Top of Material provided
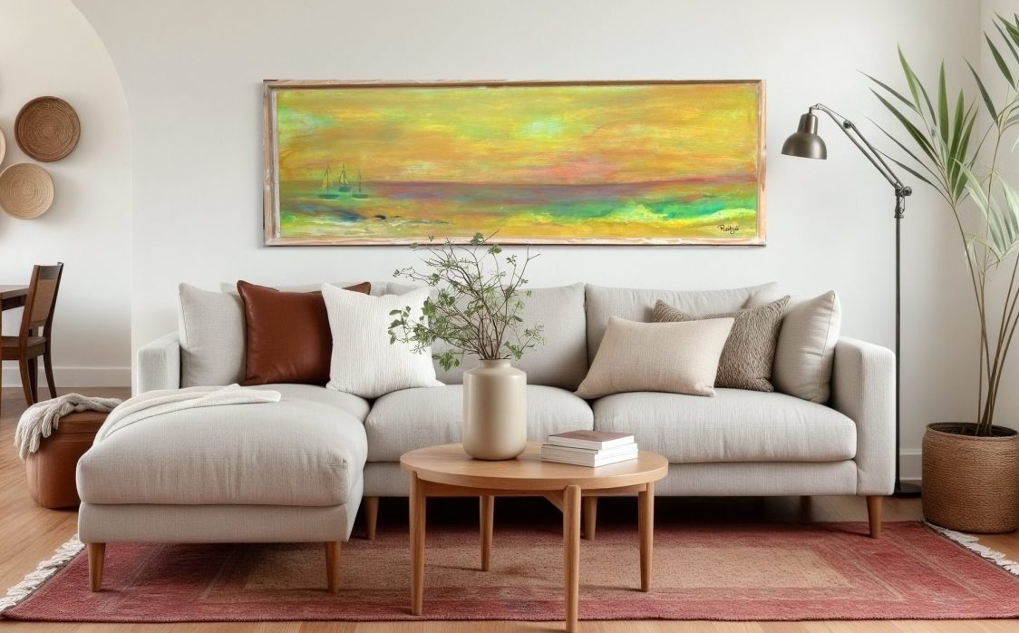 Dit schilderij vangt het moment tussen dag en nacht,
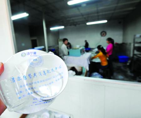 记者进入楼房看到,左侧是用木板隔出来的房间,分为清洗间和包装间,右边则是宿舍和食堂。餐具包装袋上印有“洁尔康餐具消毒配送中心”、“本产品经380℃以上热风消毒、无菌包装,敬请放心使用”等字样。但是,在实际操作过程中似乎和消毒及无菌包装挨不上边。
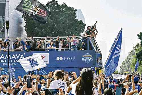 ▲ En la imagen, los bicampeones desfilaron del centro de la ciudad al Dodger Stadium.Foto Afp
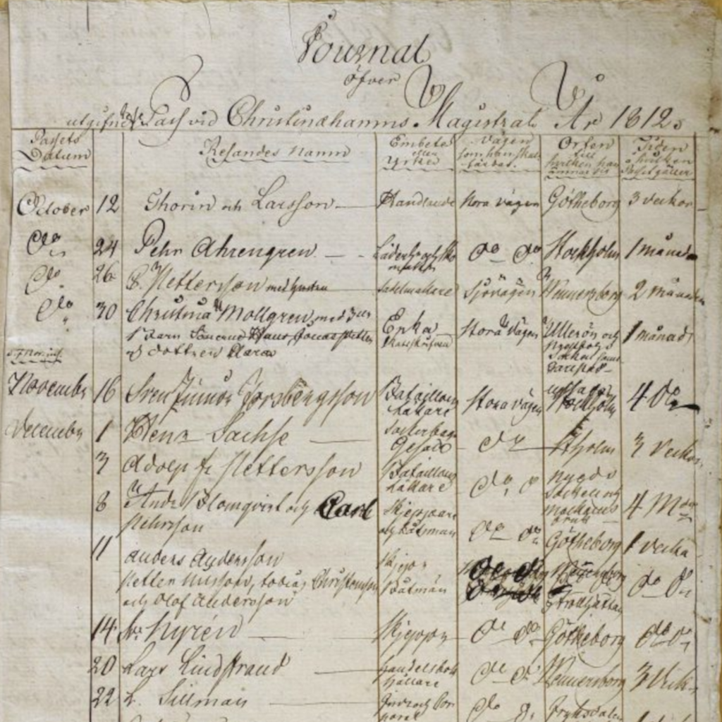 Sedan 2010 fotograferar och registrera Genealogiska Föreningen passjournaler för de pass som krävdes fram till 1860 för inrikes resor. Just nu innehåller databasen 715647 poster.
Bottom of Material provided
Your objective
Print out the complete listing above exactly, dropping each image.

Written response
 Dit schilderij vangt het moment tussen dag en nacht,
 记者进入楼房看到,左侧是用木板隔出来的房间,分为清洗间和包装间,右边则是宿舍和食堂。餐具包装袋上印有“洁尔康餐具消毒配送中心”、“本产品经380℃以上热风消毒、无菌包装,敬请放心使用”等字样。但是,在实际操作过程中似乎和消毒及无菌包装挨不上边。
 ▲ En la imagen, los bicampeones desfilaron del centro de la ciudad al Dodger Stadium.Foto Afp
 Sedan 2010 fotograferar och registrera Genealogiska Föreningen passjournaler för de pass som krävdes fram till 1860 för inrikes resor. Just nu innehåller databasen 715647 poster.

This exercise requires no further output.